- Opening Delimiter -

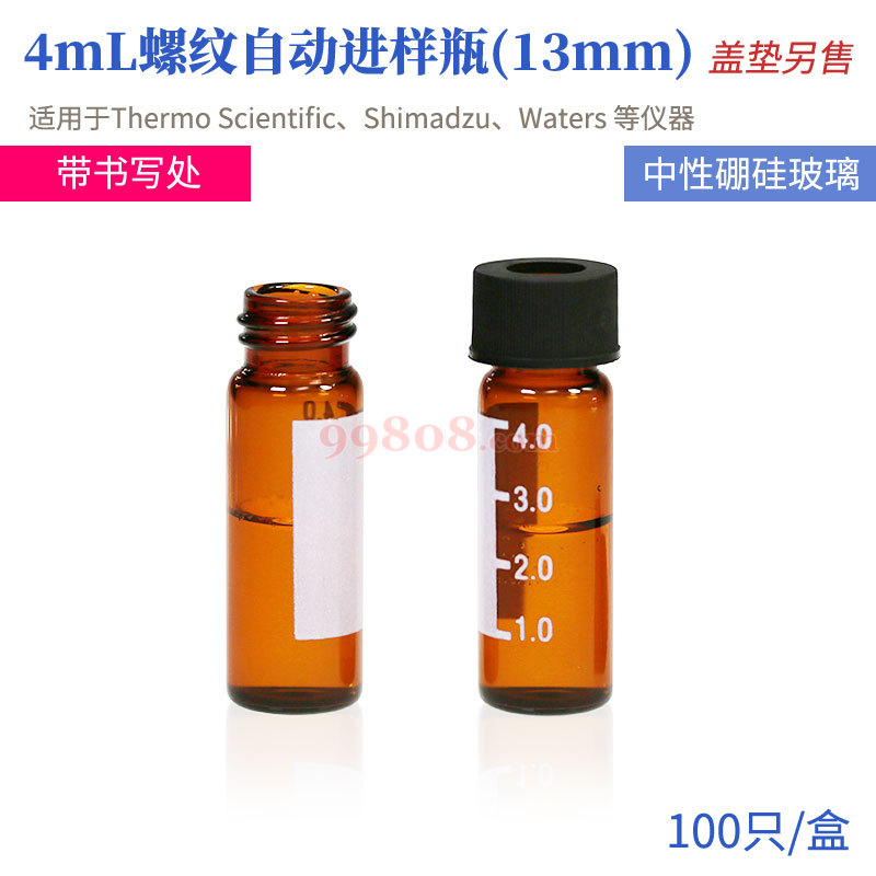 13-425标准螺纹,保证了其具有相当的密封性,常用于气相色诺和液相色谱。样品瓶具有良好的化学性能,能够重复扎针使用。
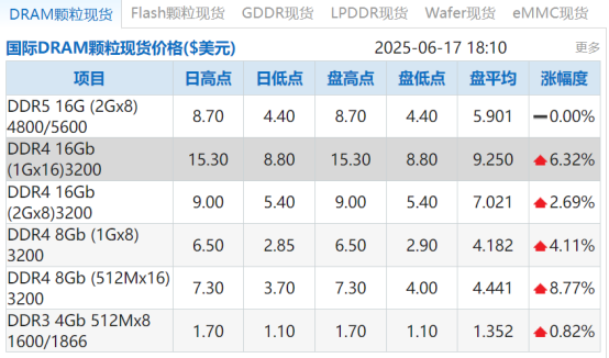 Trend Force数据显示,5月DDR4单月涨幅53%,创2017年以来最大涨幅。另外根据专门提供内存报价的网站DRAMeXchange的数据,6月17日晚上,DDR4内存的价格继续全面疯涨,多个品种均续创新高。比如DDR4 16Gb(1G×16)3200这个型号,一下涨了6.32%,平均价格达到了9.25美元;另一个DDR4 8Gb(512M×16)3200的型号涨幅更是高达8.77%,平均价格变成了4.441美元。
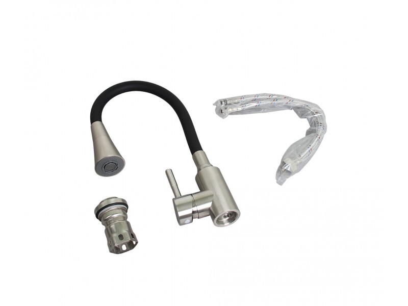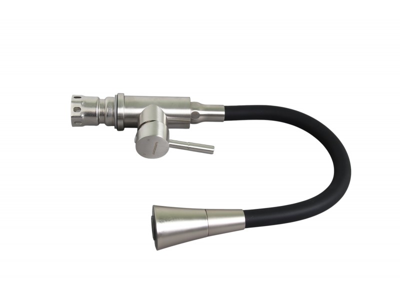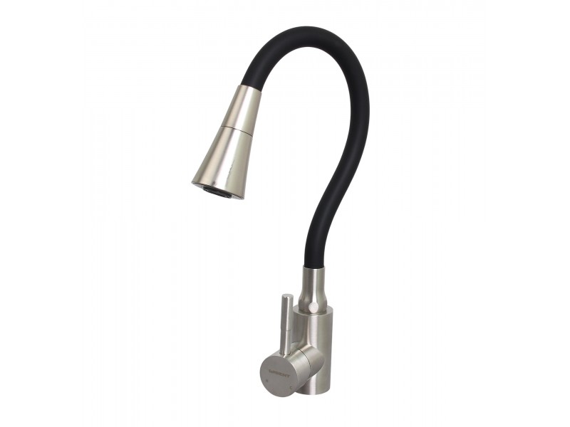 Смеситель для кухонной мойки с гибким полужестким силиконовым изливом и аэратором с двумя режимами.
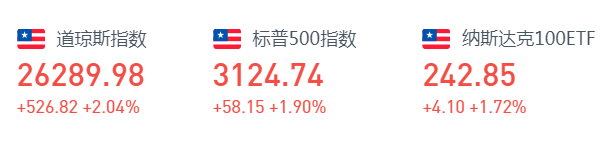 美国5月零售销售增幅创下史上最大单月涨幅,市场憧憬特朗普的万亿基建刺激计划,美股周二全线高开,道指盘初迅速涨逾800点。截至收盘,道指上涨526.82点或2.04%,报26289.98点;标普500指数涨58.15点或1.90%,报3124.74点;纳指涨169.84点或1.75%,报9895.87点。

- Closing Delimiter -

» **TRY IT**
Copy out the listing word for word and skip its pictures.

» **ANSWER TO THIS EXERCISE**
 13-425标准螺纹,保证了其具有相当的密封性,常用于气相色诺和液相色谱。样品瓶具有良好的化学性能,能够重复扎针使用。
 Trend Force数据显示,5月DDR4单月涨幅53%,创2017年以来最大涨幅。另外根据专门提供内存报价的网站DRAMeXchange的数据,6月17日晚上,DDR4内存的价格继续全面疯涨,多个品种均续创新高。比如DDR4 16Gb(1G×16)3200这个型号,一下涨了6.32%,平均价格达到了9.25美元;另一个DDR4 8Gb(512M×16)3200的型号涨幅更是高达8.77%,平均价格变成了4.441美元。
 Смеситель для кухонной мойки с гибким полужестким силиконовым изливом и аэратором с двумя режимами.
 美国5月零售销售增幅创下史上最大单月涨幅,市场憧憬特朗普的万亿基建刺激计划,美股周二全线高开,道指盘初迅速涨逾800点。截至收盘,道指上涨526.82点或2.04%,报26289.98点;标普500指数涨58.15点或1.90%,报3124.74点;纳指涨169.84点或1.75%,报9895.87点。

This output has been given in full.